Top of Supplied data

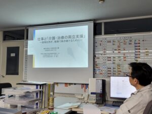 仕事と「介護・治療の両立支援」~離職を防ぎ、健康で働き続けるために~ とのテーマで、仕事と介護・治療に関する基本的な知識をわかりやすく解説していただきました。
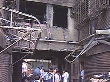 有目击者称,火势从“大囍市”社区一楼停放机车的地方开始燃烧,警消人员在半小时将火势控制,但火苗仍然往楼上窜烧,楼上有多人受困,消防人员利用云梯车进行抢救。但是仍有民众受不了大火而自行攀绳逃生,甚至跳楼。
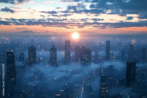 Fototapeta premium City skyline view with clouds and overcast sky at dusk or dawn with urban...
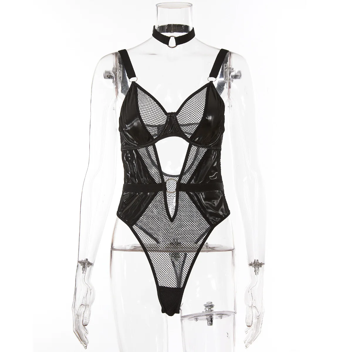 Znbbw Latex Bodysuit WIth Collar Mesh Patchwork See Through Lingerie Body Silicone Leather Open Crotch Top Black Naked Teddy
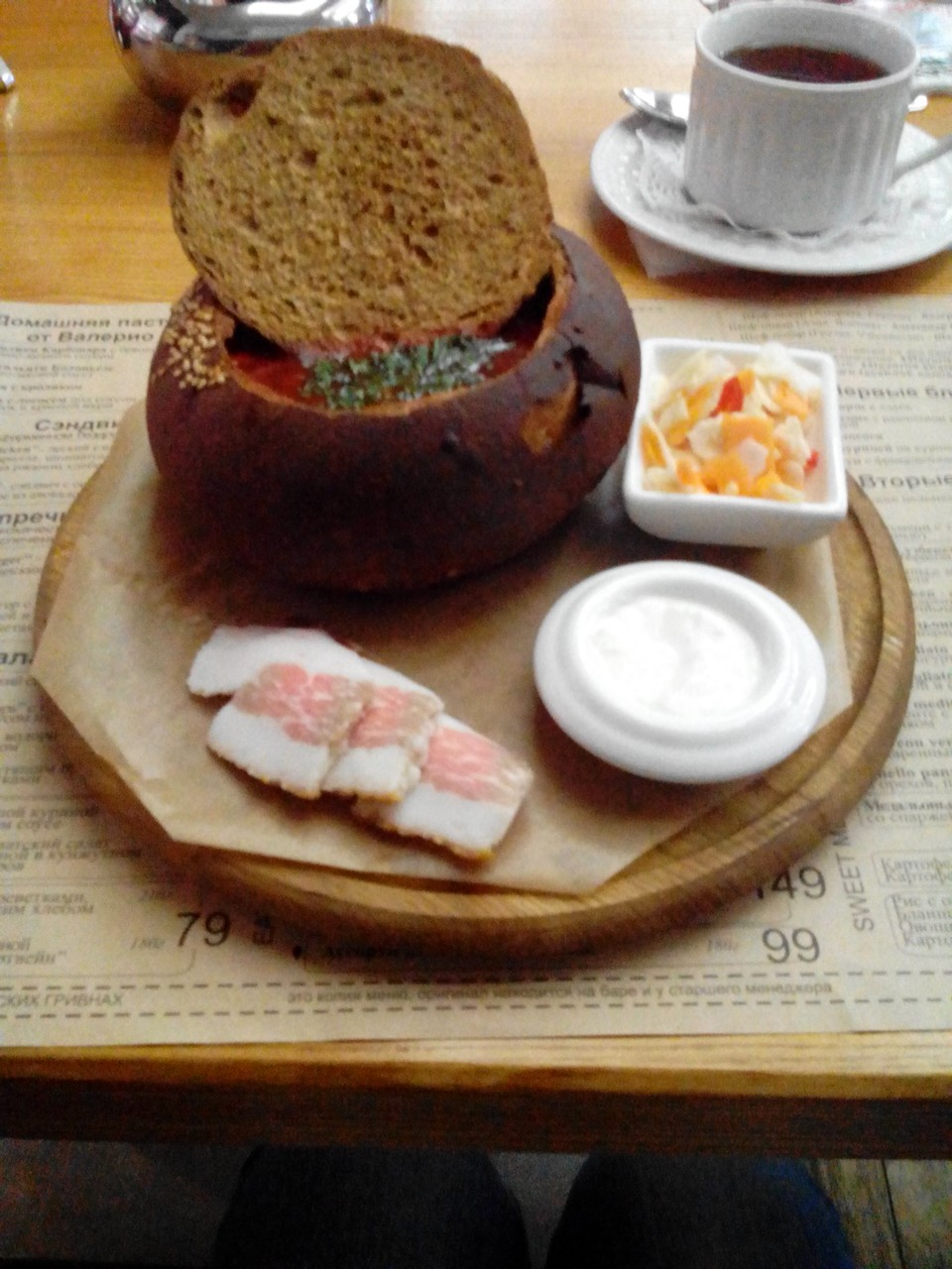 В Харькове нашли одно место, где очень вкусный борщ))))Называется Favorite Place Вот так его подают, мне он чем - то напоминает Польшу. Там тоже такие блюда есть.
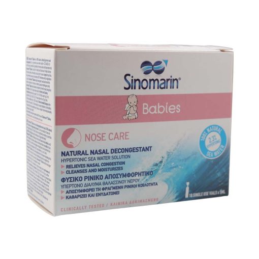 Sinomarin Babies monodose is a 100% natural and clinically proven nasal decongestant. It is a hypertonic sea water solution (2.3% NaCl) rich with the sea beneficial ingredients. Sinomarin Babies helps decongest nasal cavities via the natural mechanism of osmosis and restoring nasal breathing naturally.
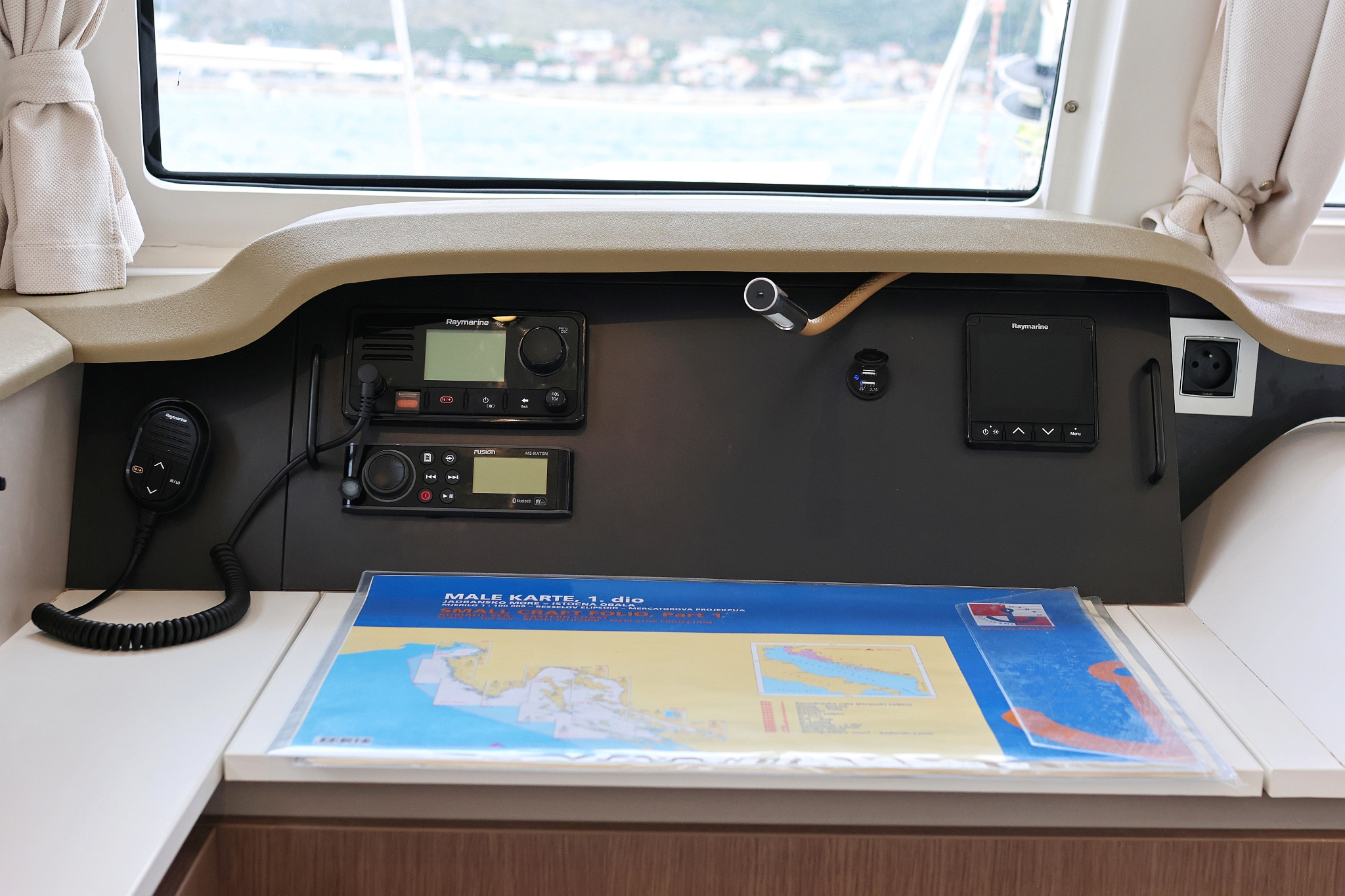 | Navigation | Fernglas, GPS mit Kartenplotter im Cockpit, Handpeilkompass, Kompass, Navigationsbesteck, Seekarten, Tridata (Log, Echolot, Windm.), Windmesser |
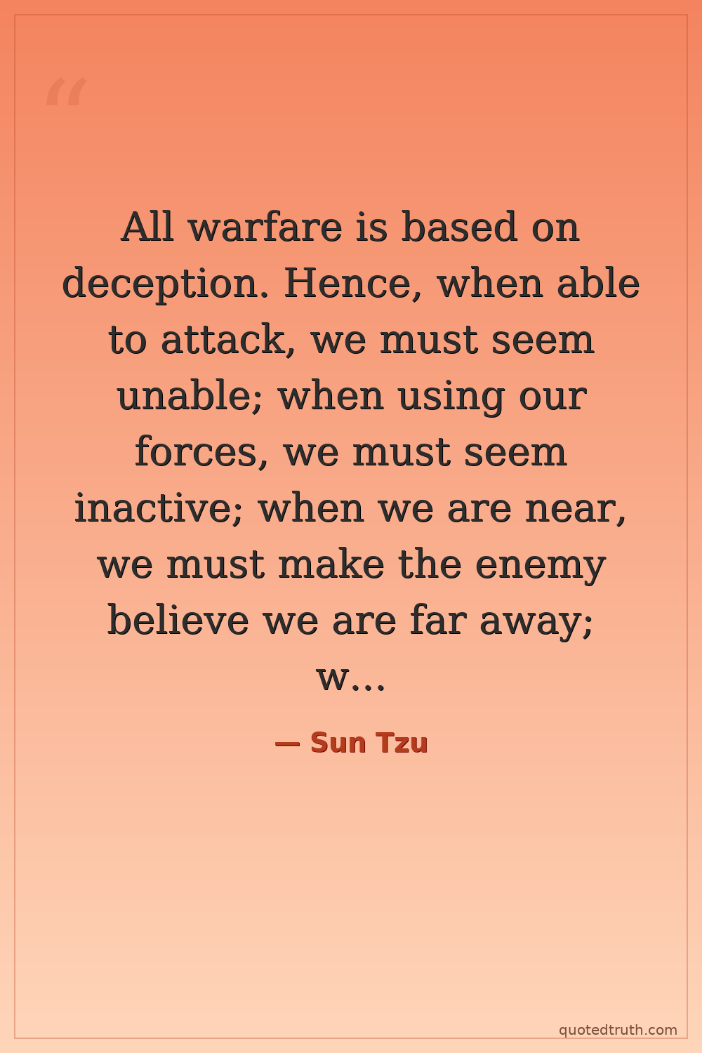 All warfare is based on deception. Hence, when able to attack, we must seem unable; when using our forces, we must seem inactive; when we are near, we must make the enemy believe we are far away; when far away, we must make him believe we are near.

Bottom of Supplied data

Your task:
Transcribe the whole listing exactly as it stands, apart from the pictures.

Output for this task:
 仕事と「介護・治療の両立支援」~離職を防ぎ、健康で働き続けるために~ とのテーマで、仕事と介護・治療に関する基本的な知識をわかりやすく解説していただきました。
 有目击者称,火势从“大囍市”社区一楼停放机车的地方开始燃烧,警消人员在半小时将火势控制,但火苗仍然往楼上窜烧,楼上有多人受困,消防人员利用云梯车进行抢救。但是仍有民众受不了大火而自行攀绳逃生,甚至跳楼。
 Fototapeta premium City skyline view with clouds and overcast sky at dusk or dawn with urban...
 Znbbw Latex Bodysuit WIth Collar Mesh Patchwork See Through Lingerie Body Silicone Leather Open Crotch Top Black Naked Teddy
 В Харькове нашли одно место, где очень вкусный борщ))))Называется Favorite Place Вот так его подают, мне он чем - то напоминает Польшу. Там тоже такие блюда есть.
 Sinomarin Babies monodose is a 100% natural and clinically proven nasal decongestant. It is a hypertonic sea water solution (2.3% NaCl) rich with the sea beneficial ingredients. Sinomarin Babies helps decongest nasal cavities via the natural mechanism of osmosis and restoring nasal breathing naturally.
 | Navigation | Fernglas, GPS mit Kartenplotter im Cockpit, Handpeilkompass, Kompass, Navigationsbesteck, Seekarten, Tridata (Log, Echolot, Windm.), Windmesser |
 All warfare is based on deception. Hence, when able to attack, we must seem unable; when using our forces, we must seem inactive; when we are near, we must make the enemy believe we are far away; when far away, we must make him believe we are near.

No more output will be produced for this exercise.